Talking to CRN, Dave Watts claimed Tech Data's UK & Ireland operations were "behind the curve" on carbon reduction but are "catching up" after completing an audit of its emissions and appointing an environmental director.
Moving its Basingstoke HQ to a more energy-efficient building and introducing an EV salary sacrifice scheme for employees are among the carbon-cutting actions it is about to take, Watts revealed.
US parent TD Synnex recently pledged to achieve net zero greenhouse gas emissions across its global operations by 2045 under the Science-Based Target initiative (SBTi) - regarded by many as a gold standard of environmental target setting and measurement.
But Tech Data's UK & Ireland arm will beat that target by a "long way", Watts promised.
"We were a little behind the curve for a company that has the values and impact that we have," he admitted.
"We've caught up a lot. We partnered early on with a company called Arete Zero Carbon to fast track our assessment of our carbon footprint, which was completed a few months ago. And at the same time we hired Kevin Wragg, who's our environmental director. Getting that expertise from a consultancy, and from an internal person focused on our assessment, has made a really difference. We have a complete grip on our carbon footprint now, from which we have started developing our sustainability plans," he explained.
"[SBTi] is an assessment you can't greenwash your way through," he added.
Chineham in your hands
With an Energy Performance Certificate rating of ‘B' and BREEAM score of ‘Very good', Tech Data's new Basingstoke office in Chineham Park is more eco-friendly than its current site. It boasts around a dozen EV chargers, with plans to have 20, Watts said, adding that its Bracknell office is also being refitted to make it more energy efficient.
But Watts admitted that Tech Data's biggest challenge will be curbing the indirect emissions generated by its courier partners, who still largely use diesel vehicles to move kit around on its behalf.
The challenge is to not only pressurise couriers to electrify their fleets, but also to move away from the traditional "linear" distribution model that sees IT hardware typically travel through vendors, distributors and resellers before reaching the end user, Watts argued.
"If we line all our activity up in the right places, we should be able to cut out a couple of bits of journey there," he said.
"This is me just wondering out loud, but it may be that there has to be a charge for next-day delivery, because currently next-day delivery from distribution to reseller is standard - so it's not very efficient."
It is key for the channel to start "talking together", not only about how to make the supply chain more efficient, but also to agree on who is responsible for carbon emissions as kit travels through the supply chain, according to Watts.

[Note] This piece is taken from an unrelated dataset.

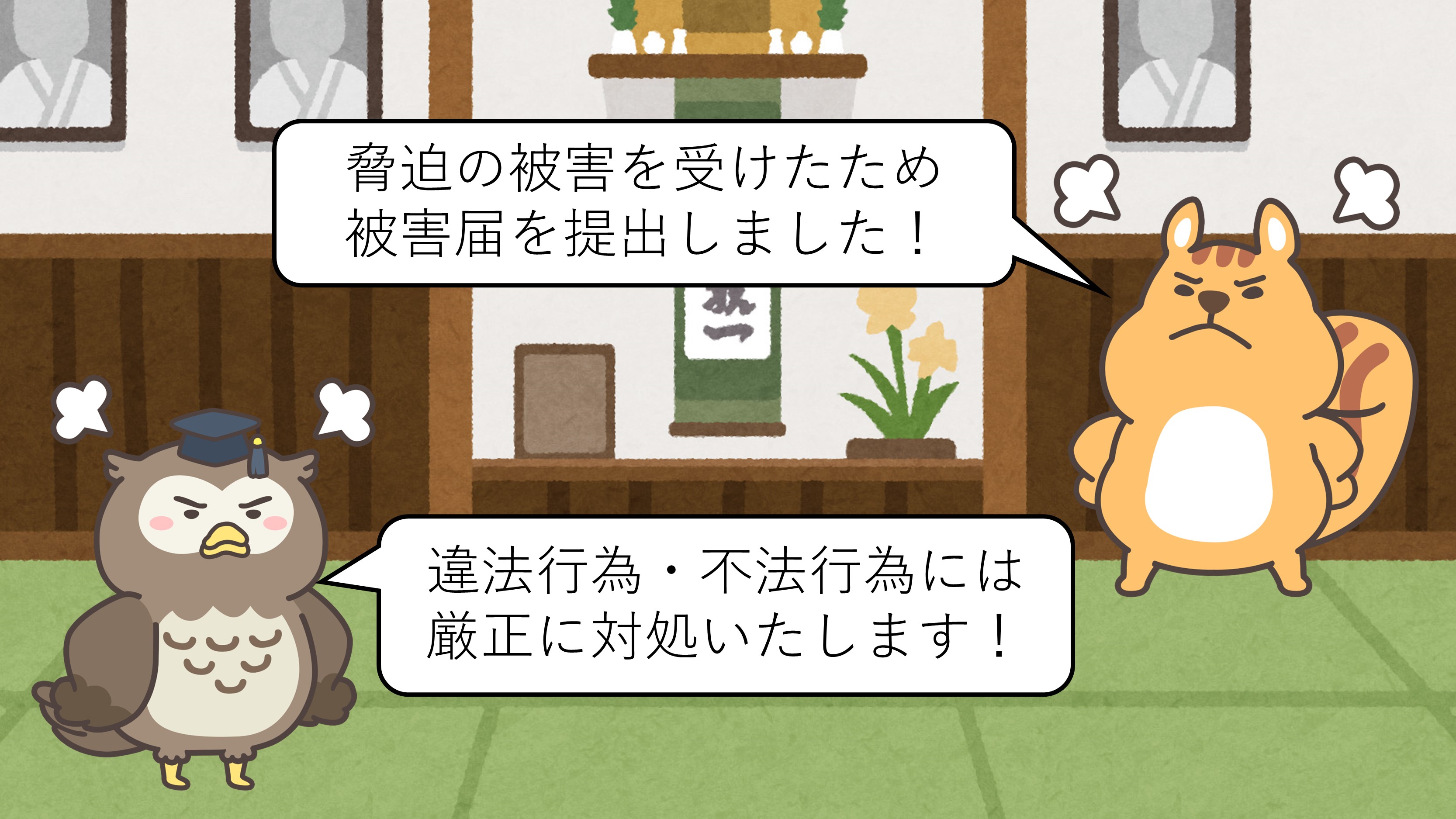 弊所が脅迫の被害を受けたため、被害届を提出しました。

"Who is responsible for the carbon as it goes through the delivery process and then through its lifecycle is a matter for discussion," he said. "There's common agreement on some things, but other things need to be clarified. Is there any way of uniting the channel around a certain set of standards and guidance that we could start driving as a community? I'm having conversations with partners about this, and you may see something come out of that."
The last 12 months has seen the UK's two largest IT solutions providers - Softcat and Computacenter - both set 2040 net zero supply chain goals, with the former labelling it a "monumental challenge". The duo are also both working with SBTi as they hone their plans (an overview of what 25 of the UK's top IT solutions providers are doing to tackle emissions can be viewed here).
But Watts said he believed a "flywheel effect" could help the industry achieve breakthrough change quicker than currently anticipated.
"Everyone's doing a really good job of putting a goal in place and it's really important to have goals and aspirations. I wouldn't be surprised if a lot of these larger partners - and us - beat the aspirations by quite a lot because we're publishing those aims at a point where we're all in a lot of discovery. We're getting this flywheel effect of these partnerships and everybody needing to make a difference - particularly in the UK due to the quite aggressive government aims of terms of net zero carbon," he said.